**Records from a collection:**

□ □ □ □ □ □ □

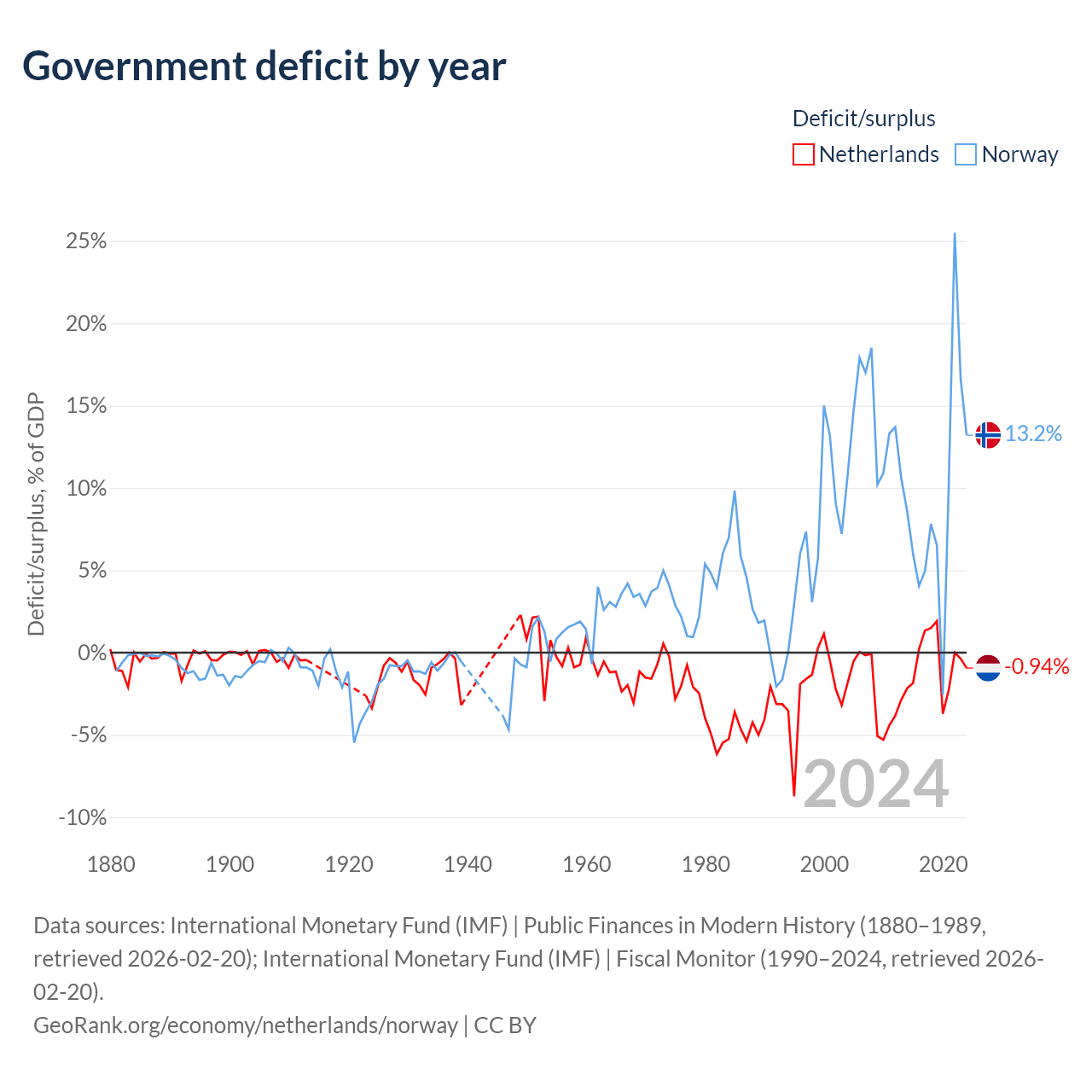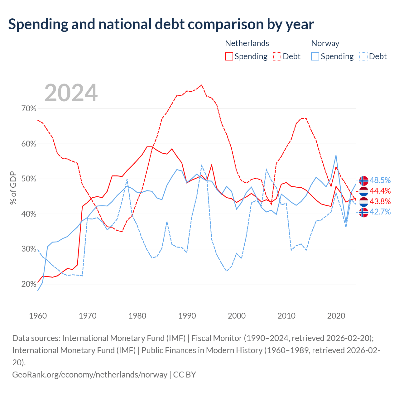 The Netherlands has $532B in government debt (43.8% of GDP), compared to $207B (42.7% of GDP) in Norway.
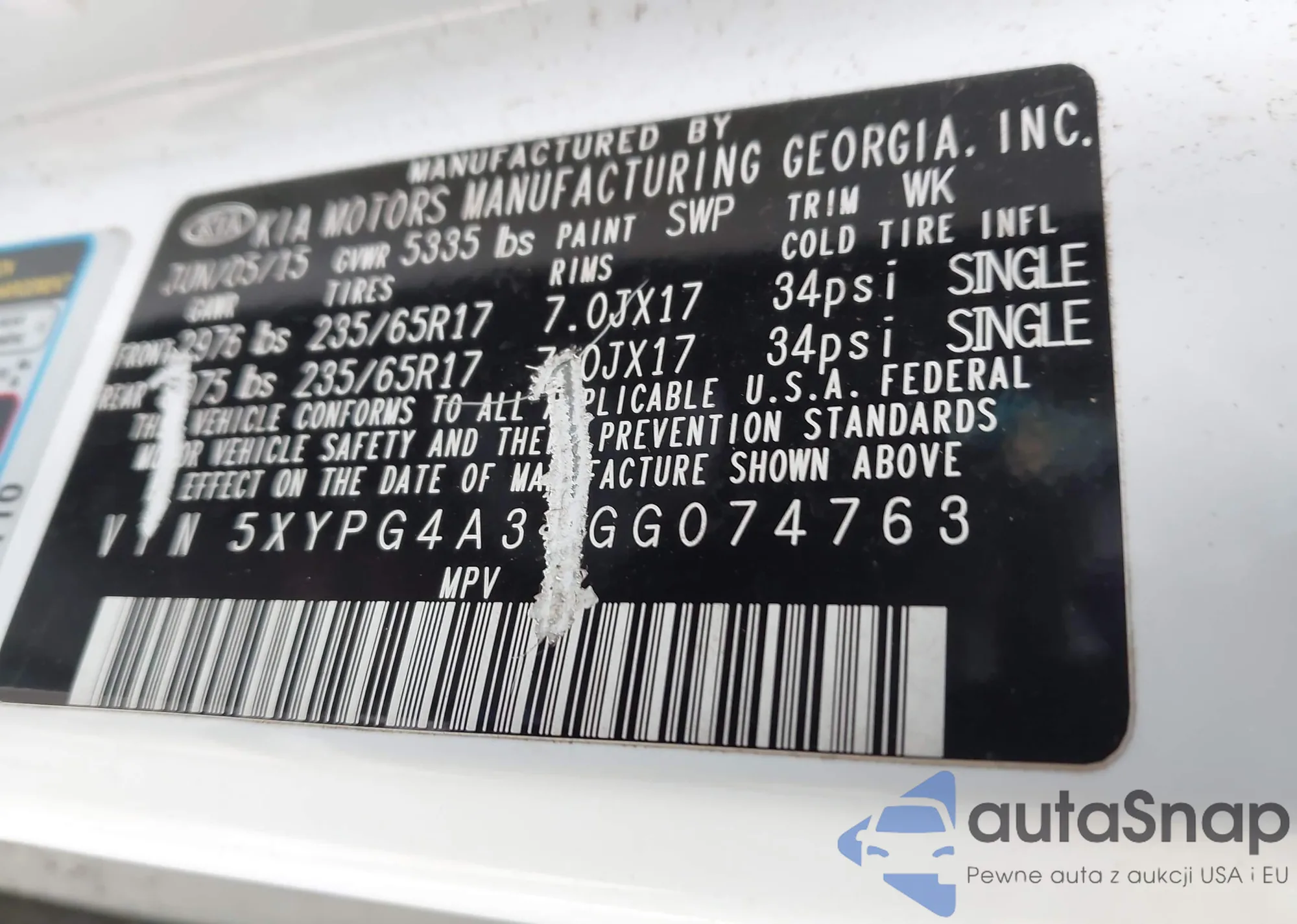 • VIN 5XYPG4A34GG074763
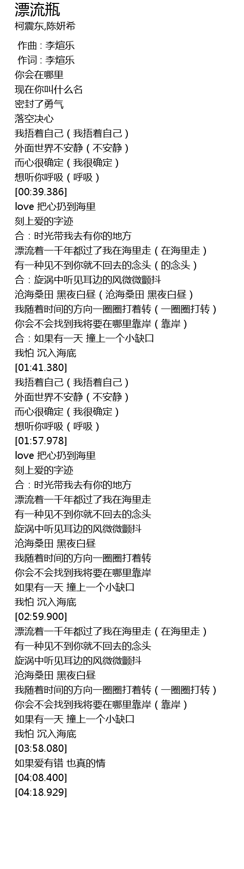 | [00:01.00] | 作词 : 李煊乐 |
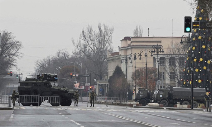 Binh sĩ Kazakhstan đứng gác tại một chốt kiểm soát trên đường phố Almaty ngày 7/1. Ảnh: Reuters.
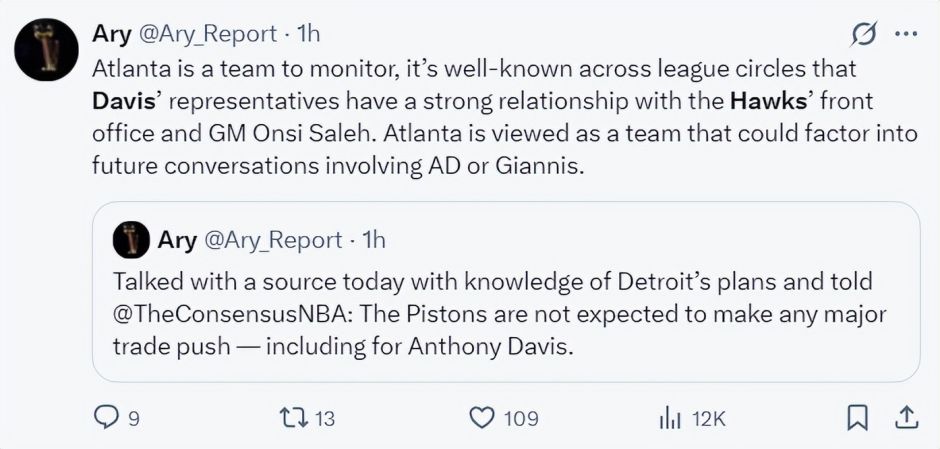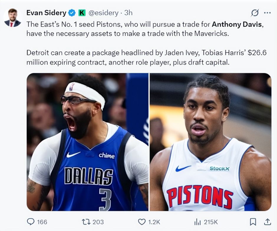 根据NBA记者埃文-斯迪瑞的报道,活塞队作为东部第一,他们希望交易得到安东尼-戴维斯继续提升综合实力,他们可以打包艾维、哈里斯2660万的到期合同、一个角色球员、选秀权为筹码。

□ □ □ □ □ □ □

**Task to complete:** Omitting the pictures, repeat all entries exactly.

**Result of this task:**
 The Netherlands has $532B in government debt (43.8% of GDP), compared to $207B (42.7% of GDP) in Norway.
 • VIN 5XYPG4A34GG074763
 | [00:01.00] | 作词 : 李煊乐 |
 Binh sĩ Kazakhstan đứng gác tại một chốt kiểm soát trên đường phố Almaty ngày 7/1. Ảnh: Reuters.
 根据NBA记者埃文-斯迪瑞的报道,活塞队作为东部第一,他们希望交易得到安东尼-戴维斯继续提升综合实力,他们可以打包艾维、哈里斯2660万的到期合同、一个角色球员、选秀权为筹码。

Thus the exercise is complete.